Code Monkey home page Code Monkey logo

activitynet-2016-cvprw's Introduction

Temporal Activity Detection in Untrimmed Videos with Recurrent Neural Networks

This project page describes our paper at the 1st NIPS Workshop on Large Scale Computer Vision Systems. This work also corresponds to the submission of the UPC team participating in the [ActivityNet Challenge][activitynet-challenge] for CVPR 2016.

![Alberto Montes][image-alberto] ![Amaia Salvador][image-amaia] ![Xavier Giró-i-Nieto][image-xavier] ![Santiago Pascual][image-santi]
Main contributor Advisor Advisor Co-advisor
[Alberto Montes][web-alberto] [Amaia Salvador][web-amaia] [Xavier Giró-i-Nieto][web-xavier] [Santiago Pascual][web-santi]

Institution: Universitat Politècnica de Catalunya.

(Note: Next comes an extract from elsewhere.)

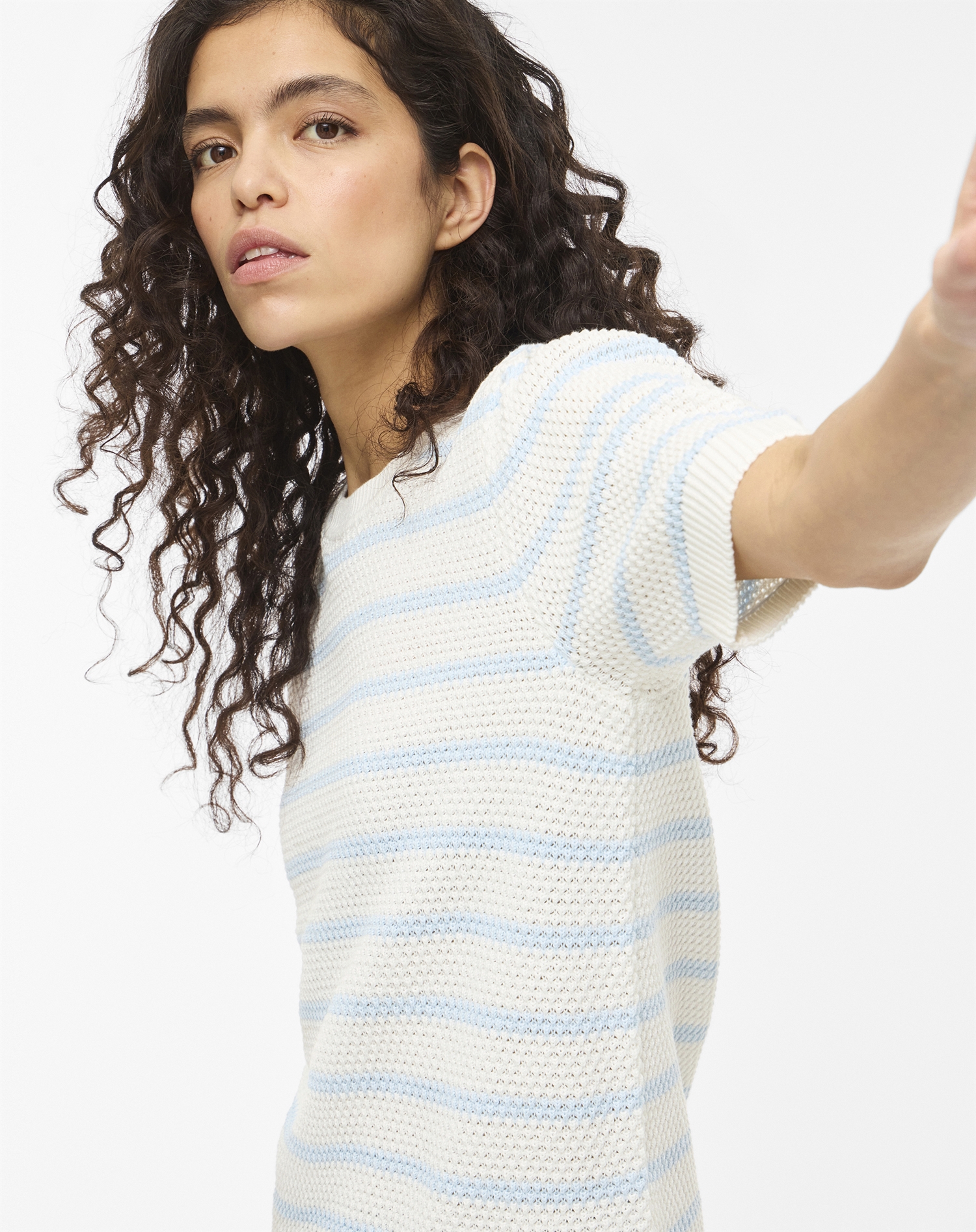 Lyseblå / Strik / Kvinde / 100% Økologisk Bomuld / Hvid

![Universitat Politècnica de Catalunya][image-upc-logo]

Abstract

This work proposes a simple pipeline to classify and temporally localize activities in untrimmed videos. Our system uses features from a 3D Convolutional Neural Network (C3D) as input to train a a recurrent neural network (RNN) that learns to classify video clips of 16 frames. After clip prediction, we post-process the output of the RNN to assign a single activity label to each video, and determine the temporal boundaries of the activity within the video. We show how our system can achieve competitive results in both tasks with a simple architecture. We evaluate our method in the ActivityNet Challenge 2016, achieving a 0.5874 mAP and a 0.2237 mAP in the classification and detection tasks, respectively.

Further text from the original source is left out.